## Problem details
Copy, with no pictures, the line that contains "巧 身体左转90。,右手经头顶向胸前划弧,手心向前下方;" and each line after it down to the end of the entries below, exactly.

Source records:

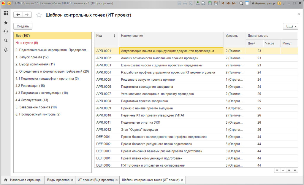 Все шаблоны контрольных точек разделяются по группам. Как только они будут использованы в проекте – шаблон автоматически перенесется.
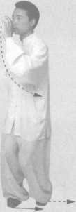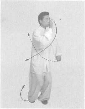 巧 身体左转90。,右手经头顶向胸前划弧,手心向前下方;
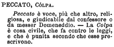 | Peccato, Colpa - Peccato è voce, più che altro, religiosa, e giudicabile dal confessore o da messer Domineddio. - La Colpa è cosa civile, che fa contro le leggi, e che è punita secondo che esse prescrivono. [immagine] |
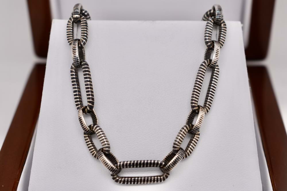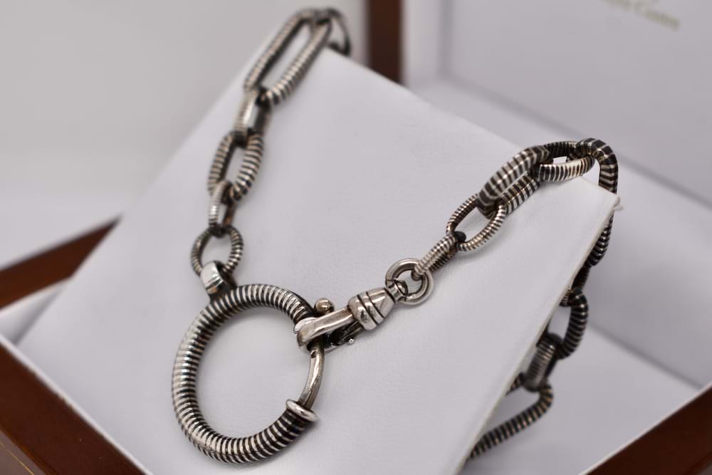 This interesting antique watch chain is in its original condition, made from niello and featuring large links with striped detail. The chain is 25.5cm in length and has a swivel plus bolt ring.
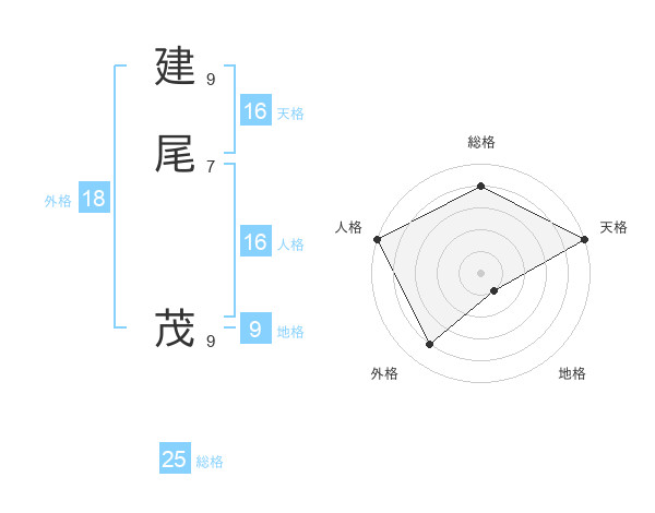 建尾 茂さんの総格は25画の4点!
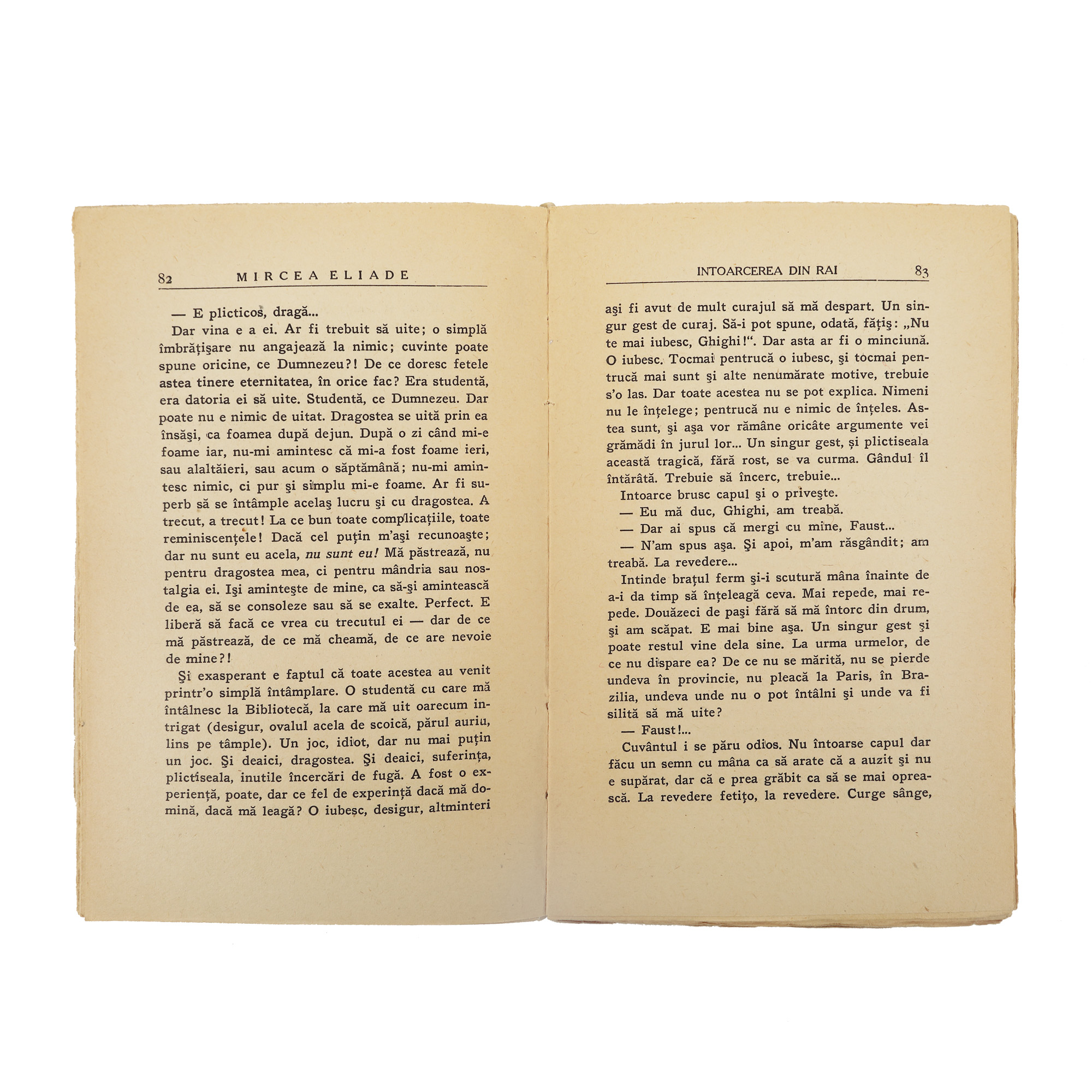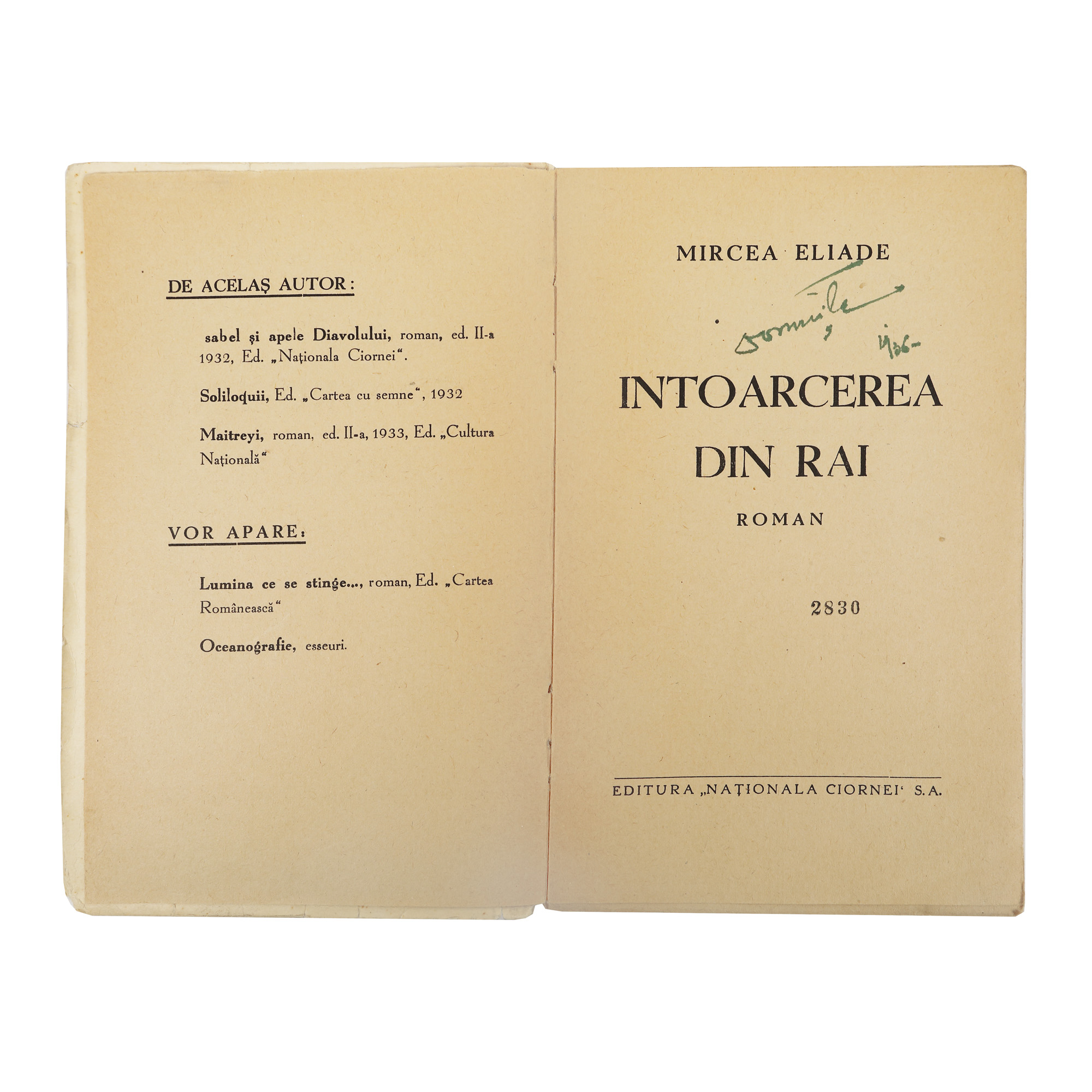 27. ”Întoarcerea din Rai”, de Mircea Eliade, ediție princeps, București, 1934, provine din colecția scriitorului Vania Gherghinescu

## Task answer
 巧 身体左转90。,右手经头顶向胸前划弧,手心向前下方;
 | Peccato, Colpa - Peccato è voce, più che altro, religiosa, e giudicabile dal confessore o da messer Domineddio. - La Colpa è cosa civile, che fa contro le leggi, e che è punita secondo che esse prescrivono. [immagine] |
 This interesting antique watch chain is in its original condition, made from niello and featuring large links with striped detail. The chain is 25.5cm in length and has a swivel plus bolt ring.
 建尾 茂さんの総格は25画の4点!
 27. ”Întoarcerea din Rai”, de Mircea Eliade, ediție princeps, București, 1934, provine din colecția scriitorului Vania Gherghinescu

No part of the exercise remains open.